| WHAT YOU HAVE TO DO |
What is needed is an exact transcription of the listing, with the images removed.

| DATA EXCERPT |
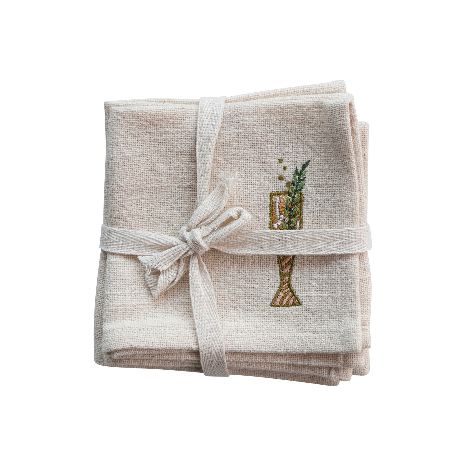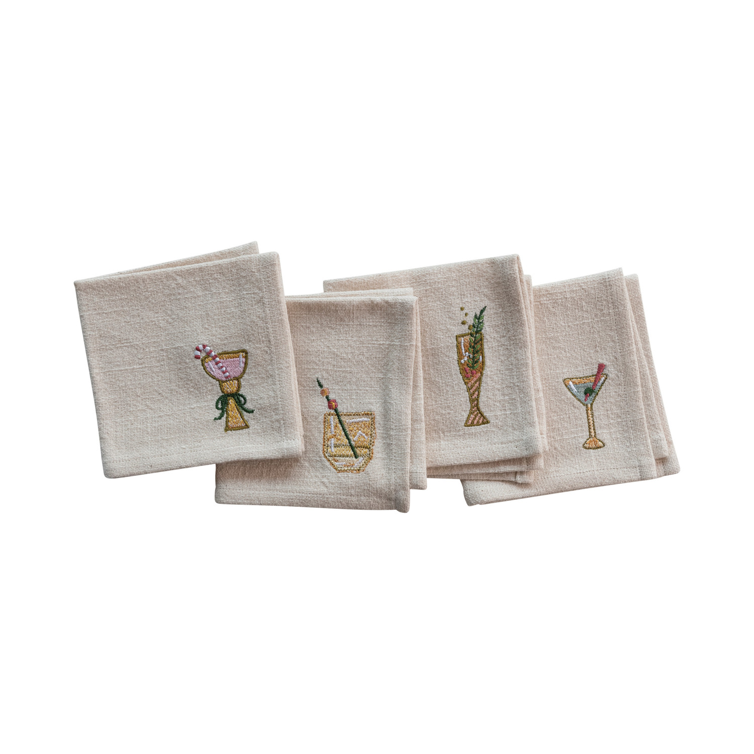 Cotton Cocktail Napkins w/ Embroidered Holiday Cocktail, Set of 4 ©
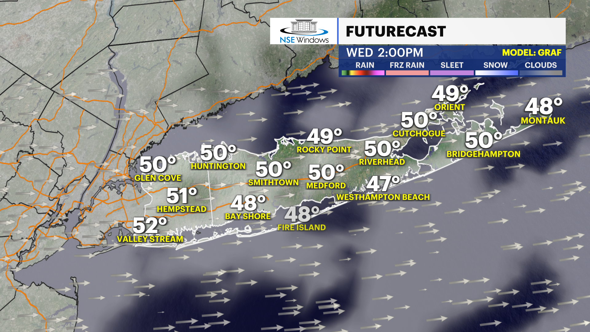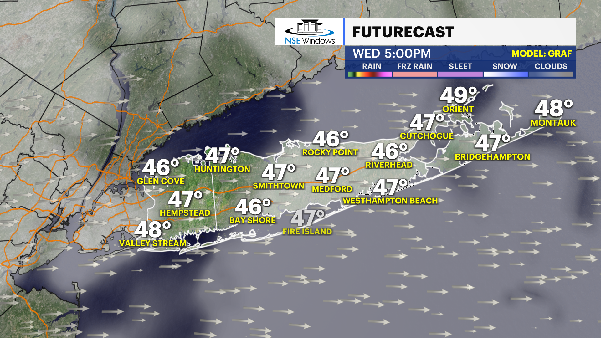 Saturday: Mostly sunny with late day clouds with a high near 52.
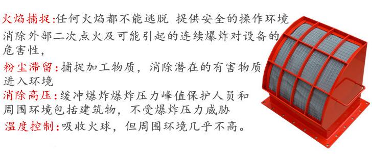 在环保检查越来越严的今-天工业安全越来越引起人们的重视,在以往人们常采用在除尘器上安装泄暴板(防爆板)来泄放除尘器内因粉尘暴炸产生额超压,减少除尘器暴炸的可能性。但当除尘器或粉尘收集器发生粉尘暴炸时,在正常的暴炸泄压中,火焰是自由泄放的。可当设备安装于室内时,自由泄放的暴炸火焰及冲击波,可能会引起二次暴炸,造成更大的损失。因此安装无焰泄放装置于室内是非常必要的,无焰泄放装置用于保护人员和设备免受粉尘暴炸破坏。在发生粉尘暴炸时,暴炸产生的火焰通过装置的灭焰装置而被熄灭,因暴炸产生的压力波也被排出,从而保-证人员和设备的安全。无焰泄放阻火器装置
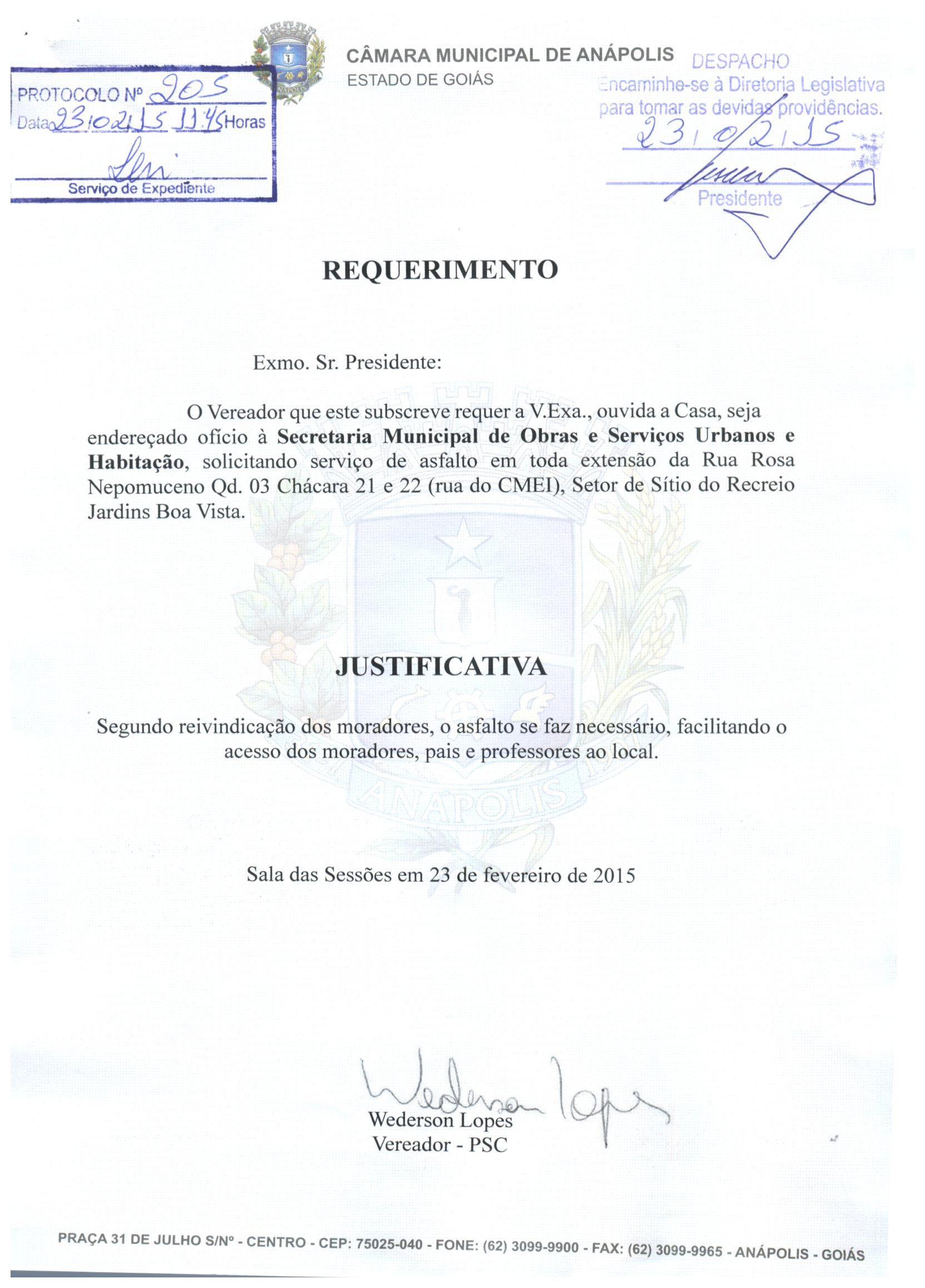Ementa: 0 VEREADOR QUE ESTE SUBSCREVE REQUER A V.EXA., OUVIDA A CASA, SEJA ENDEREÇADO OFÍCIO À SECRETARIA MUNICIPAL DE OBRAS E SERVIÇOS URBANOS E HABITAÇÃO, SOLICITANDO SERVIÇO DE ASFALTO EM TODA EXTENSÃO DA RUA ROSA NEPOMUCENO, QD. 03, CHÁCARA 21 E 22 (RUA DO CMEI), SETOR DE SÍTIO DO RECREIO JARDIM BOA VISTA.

| TASK OUTPUT |
 Cotton Cocktail Napkins w/ Embroidered Holiday Cocktail, Set of 4 ©
 Saturday: Mostly sunny with late day clouds with a high near 52.
 在环保检查越来越严的今-天工业安全越来越引起人们的重视,在以往人们常采用在除尘器上安装泄暴板(防爆板)来泄放除尘器内因粉尘暴炸产生额超压,减少除尘器暴炸的可能性。但当除尘器或粉尘收集器发生粉尘暴炸时,在正常的暴炸泄压中,火焰是自由泄放的。可当设备安装于室内时,自由泄放的暴炸火焰及冲击波,可能会引起二次暴炸,造成更大的损失。因此安装无焰泄放装置于室内是非常必要的,无焰泄放装置用于保护人员和设备免受粉尘暴炸破坏。在发生粉尘暴炸时,暴炸产生的火焰通过装置的灭焰装置而被熄灭,因暴炸产生的压力波也被排出,从而保-证人员和设备的安全。无焰泄放阻火器装置
Ementa: 0 VEREADOR QUE ESTE SUBSCREVE REQUER A V.EXA., OUVIDA A CASA, SEJA ENDEREÇADO OFÍCIO À SECRETARIA MUNICIPAL DE OBRAS E SERVIÇOS URBANOS E HABITAÇÃO, SOLICITANDO SERVIÇO DE ASFALTO EM TODA EXTENSÃO DA RUA ROSA NEPOMUCENO, QD. 03, CHÁCARA 21 E 22 (RUA DO CMEI), SETOR DE SÍTIO DO RECREIO JARDIM BOA VISTA.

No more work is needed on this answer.